I'm sat here right now, drinking Absinthe and listening to "Space".
I love "Space"... It's one of, if not the best band i have ever had the pleasure to listen to.
I find the lyrics are very much like a good drink... Comforting.
They seem to help me escape the crap in my once perfect life.
Five months ago if you asked me how my life was... I'd say it was perfect.
17 years old, engaged to the cutest girl i ever clapped eyes on... Life was good.
The sun shining on a warm, June day... My local town, bright and inviting.
I would take weekly trips down there to get a cake and coffee, then take time to absorb the immense beauty of my surroundings.
But my then fiance wasn't texting or calling me as often as she used to.
Something was wrong.
I found out she didn't know if she loved me or not... That tore me apart, so i decided to call it a day and broke up with her.
That was the hardest phone call i've ever had to make in my life.
Just hearing her cry down the phone sent chills down my spine.
So i put the phone down and just sat at my desk... Cracking open the bottle of absinthe and banging a couple of shots down my neck.

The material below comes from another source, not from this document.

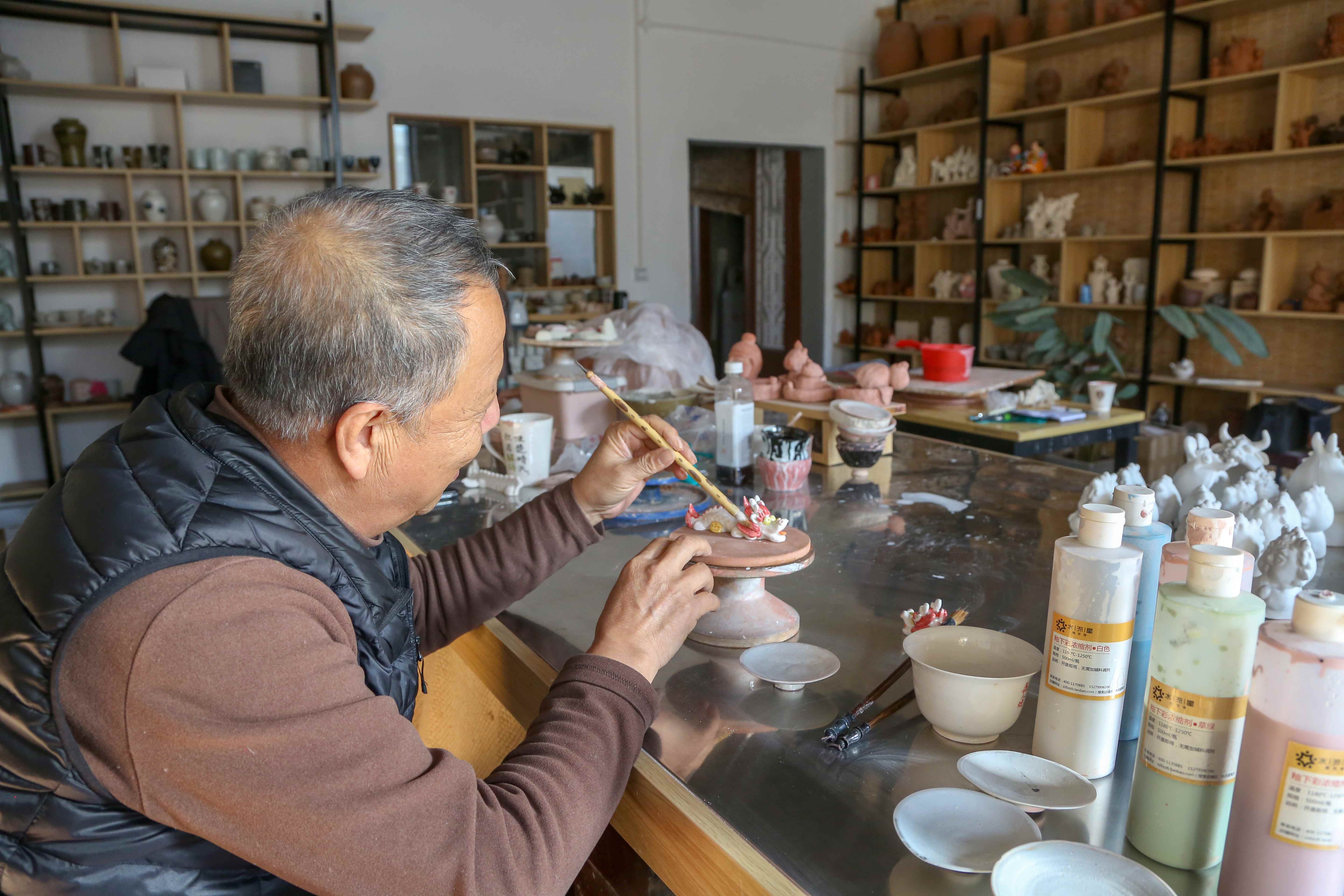 一抔泥土、一把刻刀,經(jīng)巧手捏制、刻畫、修整、彩繪、燒制等多道工序后,一個(gè)個(gè)活靈活現(xiàn)、寓意吉祥的泥塑作品便制作完成了。

After months of Absinthe and "Space" i turned 18... Happiness at last if not for only a weekend... I can drink down the pub, and buy what a want.
So my 18th party down the pub consisted of a few games of darts, a couple of pints, a shot, and bag of fish and chips with the lads... Bliss.
Now i'm going in a downward spiral... I was selling cigs to teenagers and even made out with a 15 year old girl at her place after she invited me over. ( I KNOW IT SOUNDS BAD BUT WE DIDN'T HAVE SEX )
Right now i'm actively looking for a nice girl... There is one girl who likes me who lives 85 miles away and she wants to come down and have sex... I must say i'm actively waiting for that day.
I'm just trying to lose it and find a good girl who likes me for who i am.